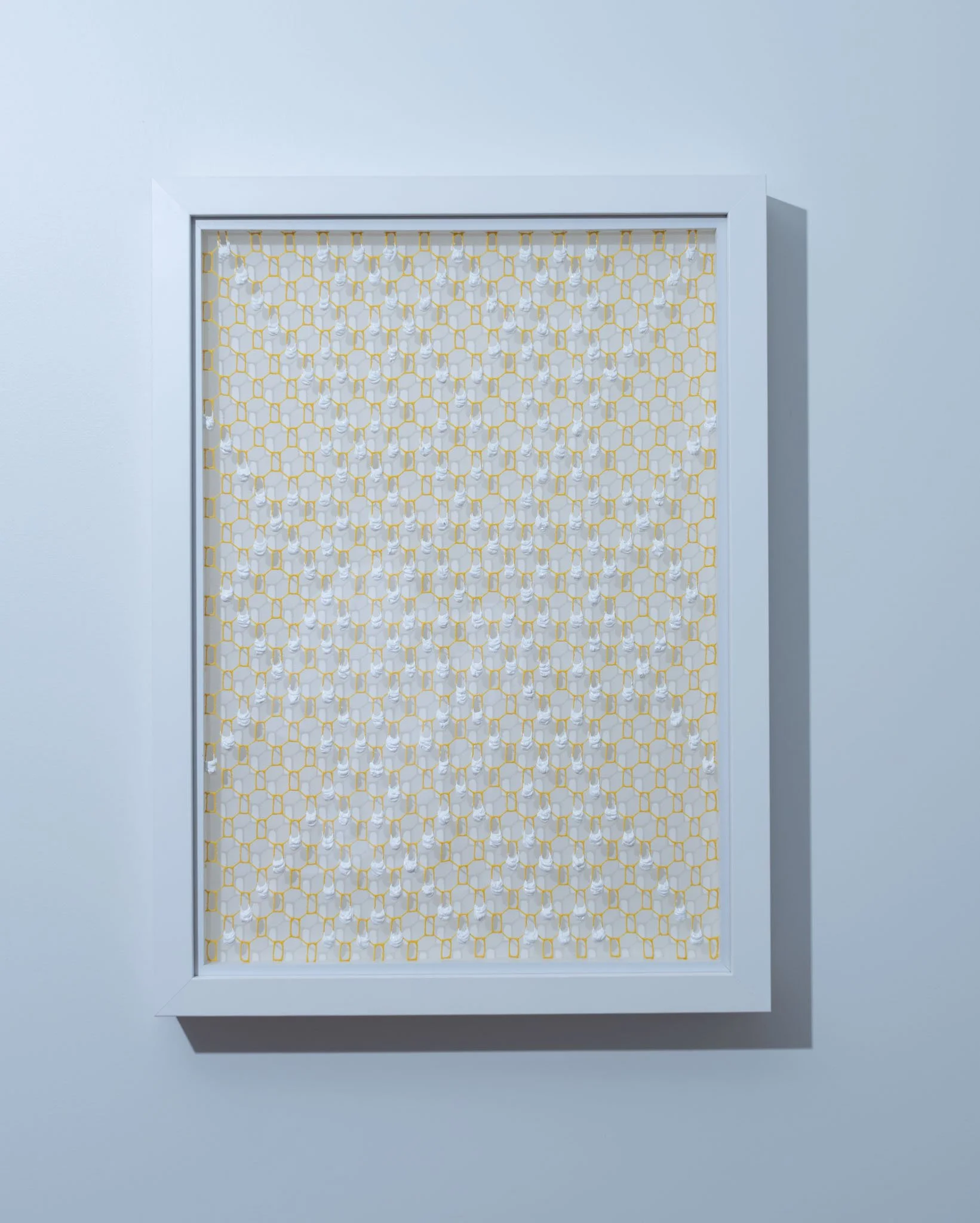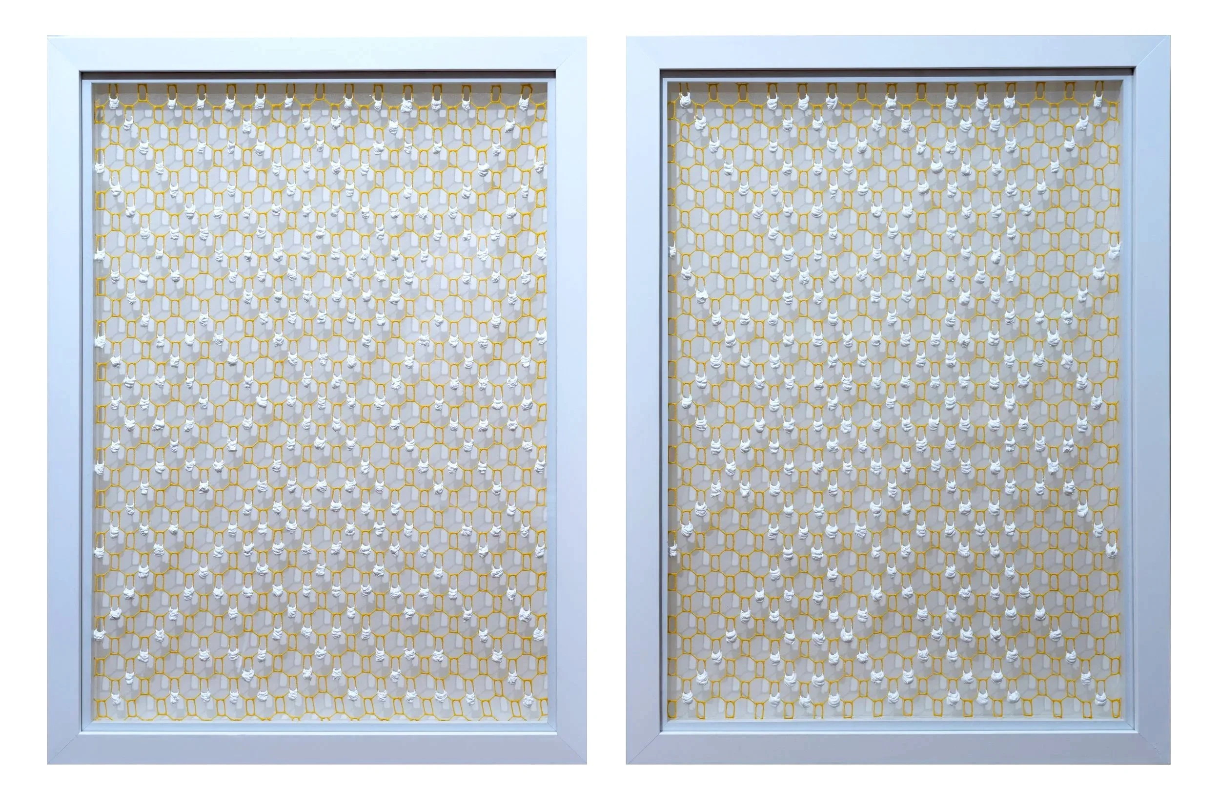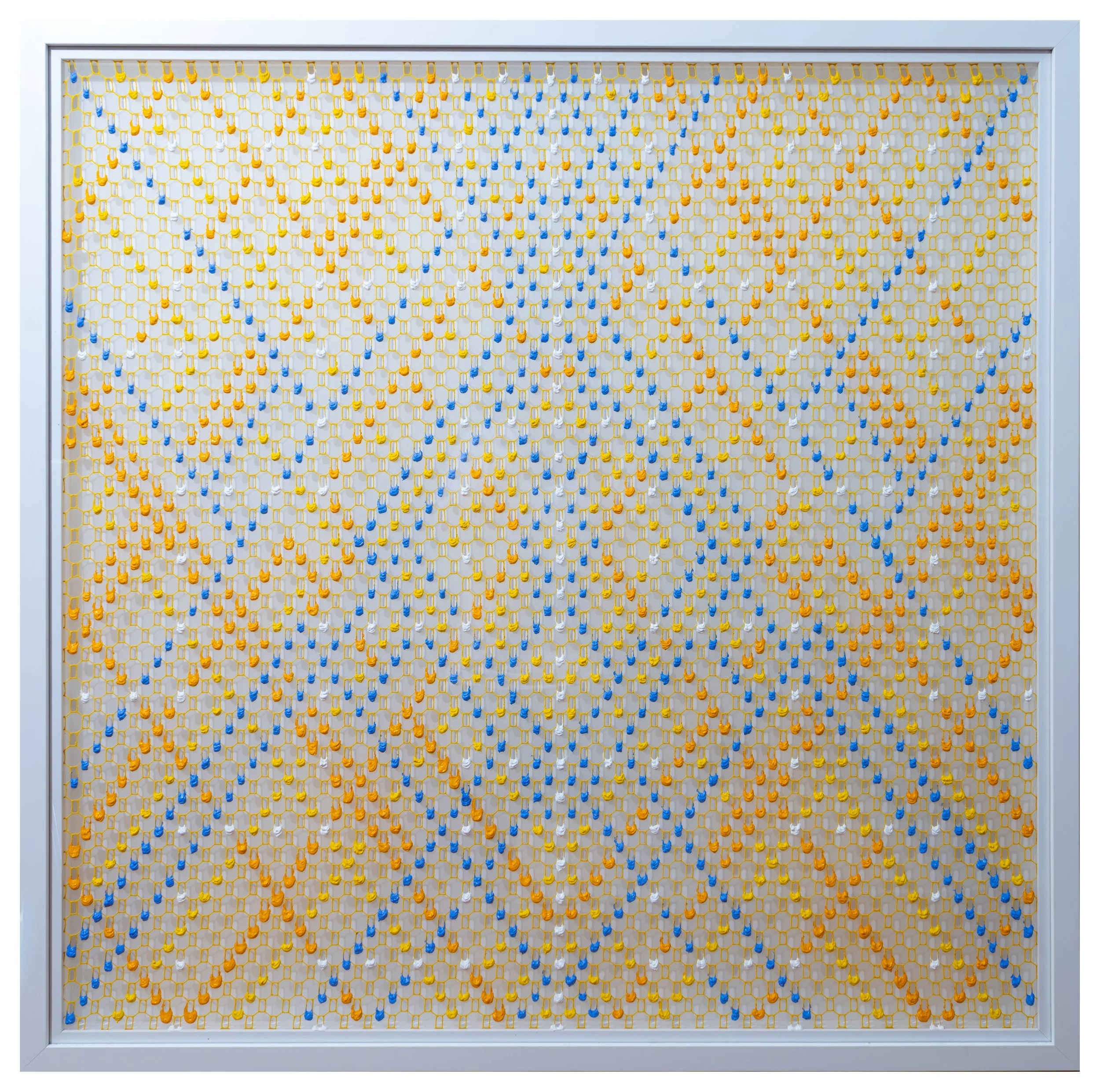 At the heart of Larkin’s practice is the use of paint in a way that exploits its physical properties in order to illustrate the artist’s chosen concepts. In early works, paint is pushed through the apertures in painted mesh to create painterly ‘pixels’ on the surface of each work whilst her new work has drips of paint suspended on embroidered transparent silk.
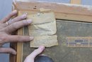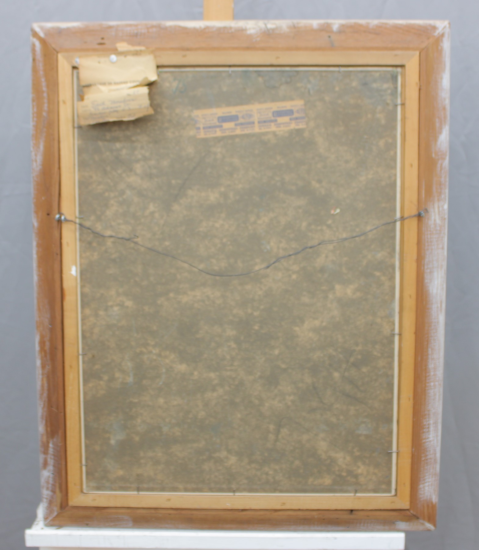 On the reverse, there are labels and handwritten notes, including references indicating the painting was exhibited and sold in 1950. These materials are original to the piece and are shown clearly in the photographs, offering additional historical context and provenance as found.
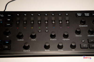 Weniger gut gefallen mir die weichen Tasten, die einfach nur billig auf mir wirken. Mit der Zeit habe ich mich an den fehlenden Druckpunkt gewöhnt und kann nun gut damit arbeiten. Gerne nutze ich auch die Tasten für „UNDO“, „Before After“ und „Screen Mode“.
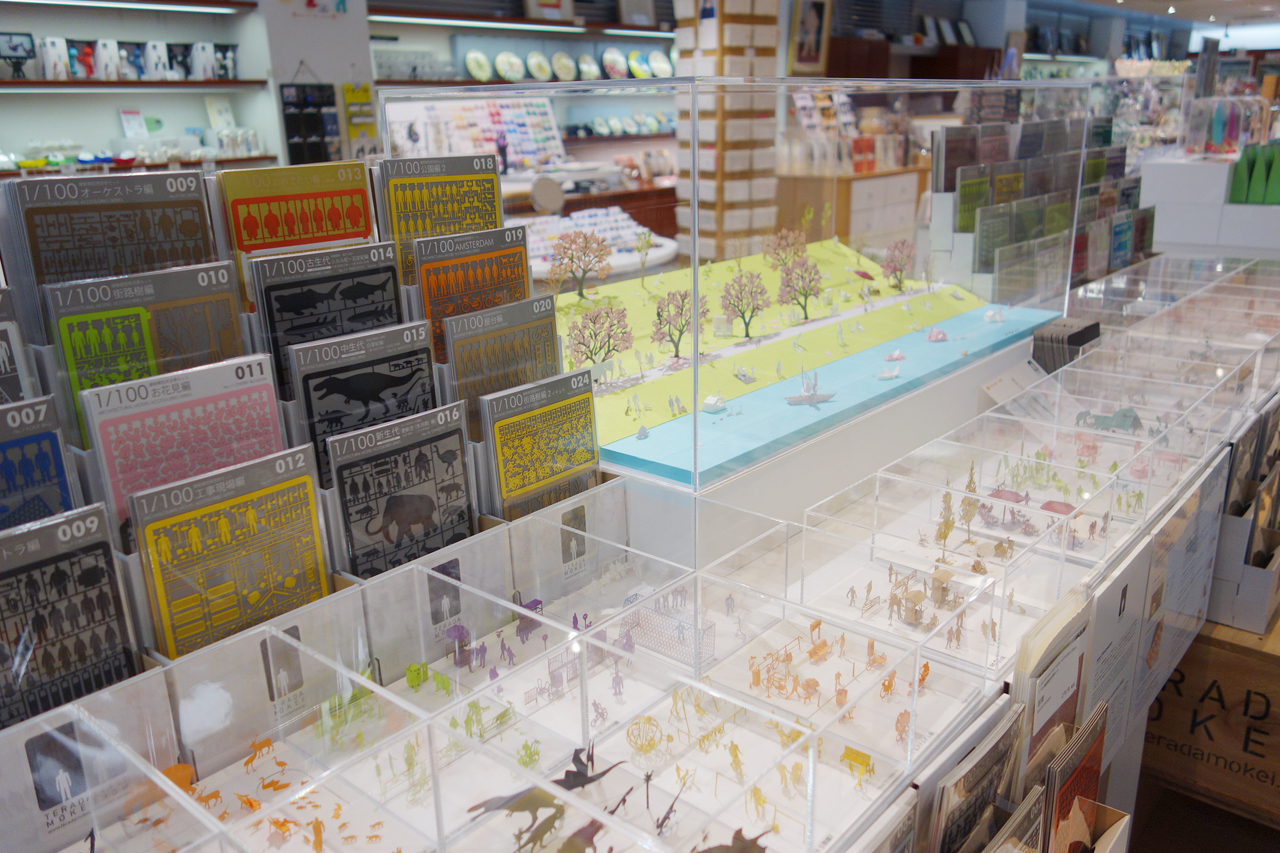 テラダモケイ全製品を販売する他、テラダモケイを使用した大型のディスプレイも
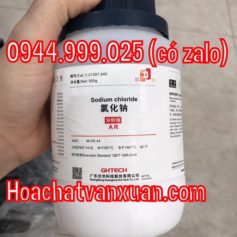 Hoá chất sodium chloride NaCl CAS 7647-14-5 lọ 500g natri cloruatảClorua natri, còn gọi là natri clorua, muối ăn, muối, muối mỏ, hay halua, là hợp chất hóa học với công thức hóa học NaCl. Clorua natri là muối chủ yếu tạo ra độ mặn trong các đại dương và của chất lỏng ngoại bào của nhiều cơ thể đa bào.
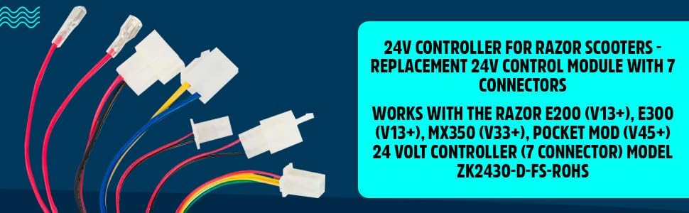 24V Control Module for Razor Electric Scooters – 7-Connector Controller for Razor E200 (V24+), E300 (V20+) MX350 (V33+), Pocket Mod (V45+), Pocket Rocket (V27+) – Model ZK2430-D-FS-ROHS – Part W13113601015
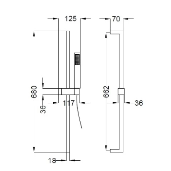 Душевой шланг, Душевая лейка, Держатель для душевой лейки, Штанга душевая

------------------------------------------------------------------------

What is needed is a word-for-word copy of the lines from the one containing "テラダモケイ全製品を販売する他、テラダモケイを使用した大型のディスプレイも" through the final line of the records above, both included, with the pictures left out.

__TASK ANSWER__:
 テラダモケイ全製品を販売する他、テラダモケイを使用した大型のディスプレイも
 Hoá chất sodium chloride NaCl CAS 7647-14-5 lọ 500g natri cloruatảClorua natri, còn gọi là natri clorua, muối ăn, muối, muối mỏ, hay halua, là hợp chất hóa học với công thức hóa học NaCl. Clorua natri là muối chủ yếu tạo ra độ mặn trong các đại dương và của chất lỏng ngoại bào của nhiều cơ thể đa bào.
 24V Control Module for Razor Electric Scooters – 7-Connector Controller for Razor E200 (V24+), E300 (V20+) MX350 (V33+), Pocket Mod (V45+), Pocket Rocket (V27+) – Model ZK2430-D-FS-ROHS – Part W13113601015
 Душевой шланг, Душевая лейка, Держатель для душевой лейки, Штанга душевая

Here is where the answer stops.